Data source: https://github.com/owid/covid-19-data/tree/master/public/data/  
For detailed information of the data see the README.md file  
Data downloaded on 24/11/2020 at 09:37 (last update of dataset when downloaded 2020-11-23T14:22:31)

In [1]:
import sys
sys.path.insert(1, '/Users/jakoliendenhollander/capstone/capstone')

import pandas as pd
import warnings
import functions.functions_data

warnings.filterwarnings(action='ignore')
pd.set_option('display.max_columns', None) # To display all columns

### Read in data

In [2]:
covid_cases = pd.read_csv("/Users/jakoliendenhollander/capstone/capstone/data/Corona_stats/owid-covid-data.csv")

In [3]:
# Reading in survey data from csv into a dictionary of dataframes.
dfs_country = functions.functions_data.get_data("/Users/jakoliendenhollander/capstone/capstone/data/CMU_Global_data/Full_Survey_Data/country/smooth/", "country")

# Concatenating individuals dataframes from the dictionary into one dataframe for regions.
survey_data = pd.concat(dfs_country, ignore_index=True)

Read in data completed.


In [4]:
covid_cases[covid_cases["location"] == "Germany"].tail()

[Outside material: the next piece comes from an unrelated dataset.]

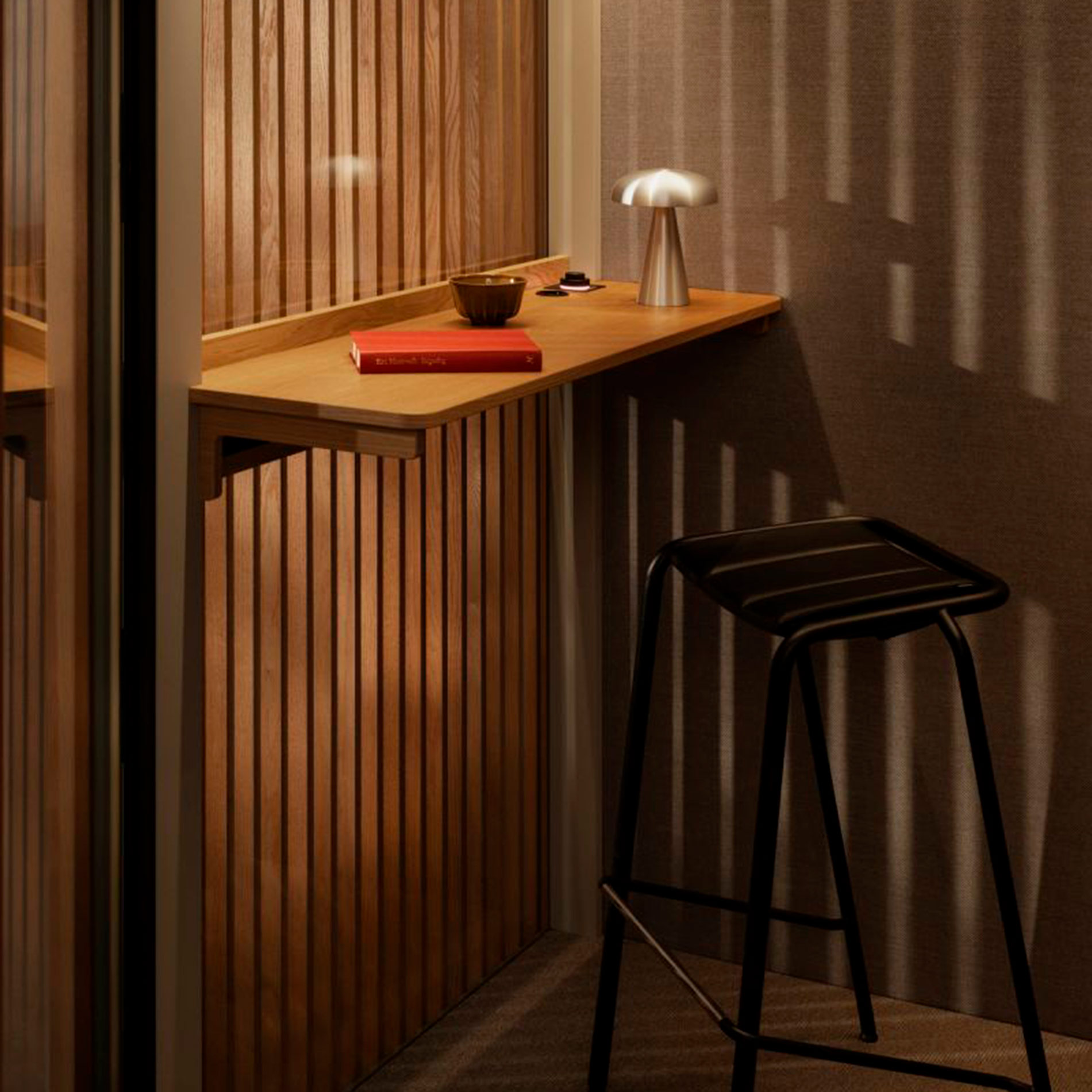 Zen Pod Small leveres som standard med en fast bordplade, hvilket gør den klar til brug som arbejdsstation uden yderligere tilpasning. Der er mulighed for tilvalg af siddepladser som skammel eller kontorstol, afhængigt af behov.

Unnamed: 0,iso_code,continent,location,date,total_cases,new_cases,new_cases_smoothed,total_deaths,new_deaths,new_deaths_smoothed,total_cases_per_million,new_cases_per_million,new_cases_smoothed_per_million,total_deaths_per_million,new_deaths_per_million,new_deaths_smoothed_per_million,reproduction_rate,icu_patients,icu_patients_per_million,hosp_patients,hosp_patients_per_million,weekly_icu_admissions,weekly_icu_admissions_per_million,weekly_hosp_admissions,weekly_hosp_admissions_per_million,total_tests,new_tests,total_tests_per_thousand,new_tests_per_thousand,new_tests_smoothed,new_tests_smoothed_per_thousand,tests_per_case,positive_rate,tests_units,stringency_index,population,population_density,median_age,aged_65_older,aged_70_older,gdp_per_capita,extreme_poverty,cardiovasc_death_rate,diabetes_prevalence,female_smokers,male_smokers,handwashing_facilities,hospital_beds_per_thousand,life_expectancy,human_development_index
13999,DEU,Europe,Germany,2020-11-19,855916.0,22609.0,18337.571,13370.0,251.0,198.286,10215.752,269.849,218.867,159.577,2.996,2.367,,,,,,,,,,,,,,,,,,,,83783945.0,237.016,46.6,21.453,15.957,45229.245,,156.139,8.31,28.2,33.1,,8.0,81.33,0.936
14000,DEU,Europe,Germany,2020-11-20,879564.0,23648.0,18352.714,13630.0,260.0,204.286,10498.002,282.25,219.048,162.68,3.103,2.438,,,,,,,,,,,,,,,,,,,,83783945.0,237.016,46.6,21.453,15.957,45229.245,,156.139,8.31,28.2,33.1,,8.0,81.33,0.936
14001,DEU,Europe,Germany,2020-11-21,902528.0,22964.0,18424.571,13884.0,254.0,215.143,10772.088,274.086,219.906,165.712,3.032,2.568,,,,,,,,,,,,,,,,,,,,83783945.0,237.016,46.6,21.453,15.957,45229.245,,156.139,8.31,28.2,33.1,,8.0,81.33,0.936
14002,DEU,Europe,Germany,2020-11-22,918269.0,15741.0,18252.286,14022.0,138.0,219.571,10959.964,187.876,217.849,167.359,1.647,2.621,,,,,,,,,,,,,,,,,,,,83783945.0,237.016,46.6,21.453,15.957,45229.245,,156.139,8.31,28.2,33.1,,8.0,81.33,0.936
14003,DEU,Europe,Germany,2020-11-23,929133.0,10864.0,18258.0,14112.0,90.0,223.571,11089.631,129.667,217.918,168.433,1.074,2.668,,,,,,,,,,,,,,,,,,,,83783945.0,237.016,46.6,21.453,15.957,45229.245,,156.139,8.31,28.2,33.1,,8.0,81.33,0.936


## Selecting data

In [5]:
# Select columns in covid cases data
df_cases = covid_cases[["iso_code","date","total_cases_per_million","new_cases_smoothed_per_million",
                       "total_deaths_per_million","new_deaths_smoothed_per_million","median_age","aged_65_older"]]

### Countries

In [6]:
# Rename 'GID_0' as 'iso_code' in survey data
survey_data['iso_code']=survey_data['GID_0']
survey_data.drop(columns='GID_0', axis=1, inplace=True)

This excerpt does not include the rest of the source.